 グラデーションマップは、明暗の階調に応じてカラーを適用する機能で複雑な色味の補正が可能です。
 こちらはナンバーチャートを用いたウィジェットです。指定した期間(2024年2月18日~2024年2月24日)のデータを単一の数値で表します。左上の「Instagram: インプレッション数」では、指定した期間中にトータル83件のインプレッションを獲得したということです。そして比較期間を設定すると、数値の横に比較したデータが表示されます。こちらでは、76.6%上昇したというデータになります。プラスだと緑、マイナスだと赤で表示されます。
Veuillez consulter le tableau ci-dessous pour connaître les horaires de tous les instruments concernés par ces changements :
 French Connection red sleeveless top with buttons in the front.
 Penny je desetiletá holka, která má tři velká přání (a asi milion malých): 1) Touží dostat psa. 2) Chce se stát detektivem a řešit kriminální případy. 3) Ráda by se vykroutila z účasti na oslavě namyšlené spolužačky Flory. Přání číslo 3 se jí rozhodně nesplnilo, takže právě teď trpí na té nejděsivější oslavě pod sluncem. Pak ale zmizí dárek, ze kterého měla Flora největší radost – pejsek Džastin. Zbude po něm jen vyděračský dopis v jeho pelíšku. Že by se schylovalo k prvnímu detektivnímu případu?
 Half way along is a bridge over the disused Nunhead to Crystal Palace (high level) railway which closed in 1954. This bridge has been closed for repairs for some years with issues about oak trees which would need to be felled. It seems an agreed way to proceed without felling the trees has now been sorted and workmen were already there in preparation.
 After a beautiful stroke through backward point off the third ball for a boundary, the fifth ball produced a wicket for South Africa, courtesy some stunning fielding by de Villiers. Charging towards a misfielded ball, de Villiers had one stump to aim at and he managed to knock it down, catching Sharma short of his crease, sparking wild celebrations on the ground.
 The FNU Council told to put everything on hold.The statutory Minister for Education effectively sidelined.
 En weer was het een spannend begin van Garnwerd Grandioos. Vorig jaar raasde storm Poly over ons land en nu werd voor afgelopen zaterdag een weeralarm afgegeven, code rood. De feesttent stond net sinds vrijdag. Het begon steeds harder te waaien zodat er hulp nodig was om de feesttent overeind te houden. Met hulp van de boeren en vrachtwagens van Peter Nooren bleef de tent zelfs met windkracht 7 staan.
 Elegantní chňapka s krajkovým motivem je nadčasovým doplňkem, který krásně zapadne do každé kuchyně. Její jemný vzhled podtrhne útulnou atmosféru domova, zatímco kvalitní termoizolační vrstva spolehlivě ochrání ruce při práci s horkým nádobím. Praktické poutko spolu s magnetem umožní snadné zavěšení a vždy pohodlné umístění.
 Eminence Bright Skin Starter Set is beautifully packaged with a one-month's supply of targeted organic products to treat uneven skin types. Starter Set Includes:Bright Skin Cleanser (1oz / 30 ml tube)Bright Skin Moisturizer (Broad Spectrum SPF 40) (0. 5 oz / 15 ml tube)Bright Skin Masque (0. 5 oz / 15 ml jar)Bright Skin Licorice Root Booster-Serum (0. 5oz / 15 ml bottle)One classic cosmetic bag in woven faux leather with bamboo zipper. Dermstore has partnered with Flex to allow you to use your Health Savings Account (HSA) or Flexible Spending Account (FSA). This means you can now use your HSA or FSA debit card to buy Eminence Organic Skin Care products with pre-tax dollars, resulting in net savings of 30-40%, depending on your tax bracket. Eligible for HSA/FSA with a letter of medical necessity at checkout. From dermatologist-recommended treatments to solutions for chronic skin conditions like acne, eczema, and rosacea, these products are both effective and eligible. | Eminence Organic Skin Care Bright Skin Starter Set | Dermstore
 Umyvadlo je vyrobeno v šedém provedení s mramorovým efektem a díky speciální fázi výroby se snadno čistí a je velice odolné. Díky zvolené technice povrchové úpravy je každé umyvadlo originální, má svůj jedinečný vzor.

▶ **PROBLEM TO WORK ON**: Which lines in the records above contain the string "some"? Copy each one.

▶ **COMPLETED EXERCISE**:
 Half way along is a bridge over the disused Nunhead to Crystal Palace (high level) railway which closed in 1954. This bridge has been closed for repairs for some years with issues about oak trees which would need to be felled. It seems an agreed way to proceed without felling the trees has now been sorted and workmen were already there in preparation.
 After a beautiful stroke through backward point off the third ball for a boundary, the fifth ball produced a wicket for South Africa, courtesy some stunning fielding by de Villiers. Charging towards a misfielded ball, de Villiers had one stump to aim at and he managed to knock it down, catching Sharma short of his crease, sparking wild celebrations on the ground.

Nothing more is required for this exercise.